ノンレム睡眠は、脳と身体をしっかり休ませる睡眠です。
私たちは眠りにつくと、まずノンレム睡眠に入り、その後レム睡眠へ移ります。このサイクルを約90分ごとに一晩で4〜6回くり返しています。
ノンレム睡眠にはN1、N2、N3と3つの段階があり、N3が最も深い眠りで、身体の回復にとって特に重要な時間です。

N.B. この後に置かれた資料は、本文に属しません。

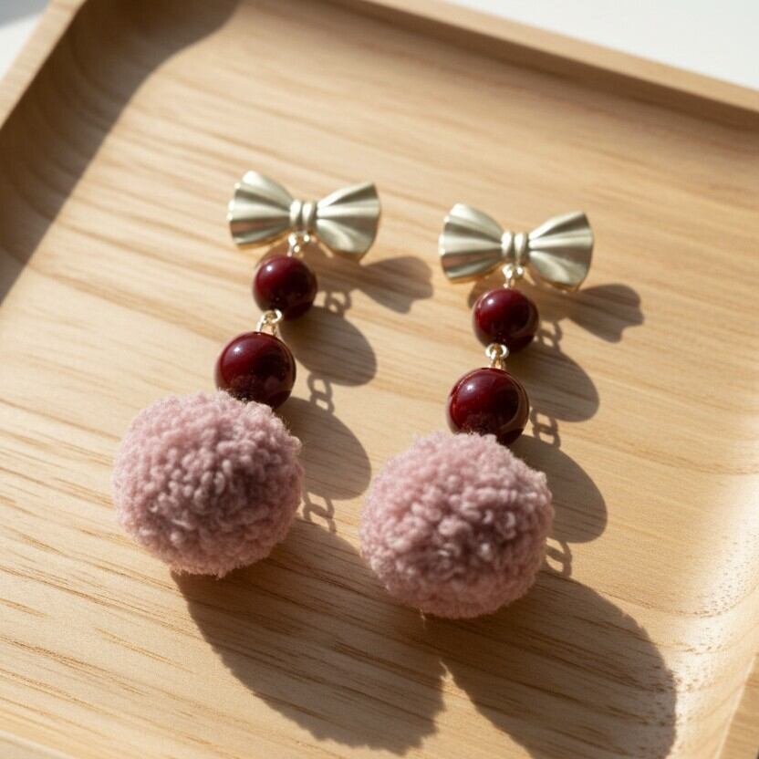 アメリカンチェリーパールの深い艶とピンクファーボールの愛らしさが、あなたのスタイルに華やさを添え、シンプルでありながらも目を引くアクセントに。さらに、軽やかな着け心地が魅力で、長時間の使用でも快適にお楽しみいただけます。

深いノンレムのでは、副交感神経が優位になり、心拍数や呼吸、血圧がゆるやかになります。
身体は活動モードから休息モードへ切り替わり、本格的なメンテナンスが始まります。
この時間には、成長ホルモンの分泌が活発になり、
・日中に傷ついた筋肉や細胞の修復
・疲労回復
・骨や皮膚などの組織の再生
・免疫機能の維持
・エネルギーの回復
などが行われると考えられています。
また、脳もエネルギー消費を抑えながら休息し、老廃物の排出が進みやすくなることが分かってきています。
そのため、深いノンレム睡眠が不足すると、
・朝起きても疲れが残る
・日中に眠気やダルさを感じる
・集中力や判断力が低下する
・ストレスへの耐性が低下する
といった状態につながることがあります。
反対に、深いノンレム睡眠がしっかり取れていると、「ぐっすり眠れた」「朝から身体が軽い」と感じやすくなります。
睡眠は、ただ長く眠るだけでは十分ではありません。
レム睡眠で脳を整え、ノンレム睡眠で身体を整える。
この2つが規則正しく繰り返されることで、私たちの心と身体は毎日リセットされ、翌日を元気に過ごすための準備が整えられています。
質の良い睡眠は、健康な毎日への第一歩。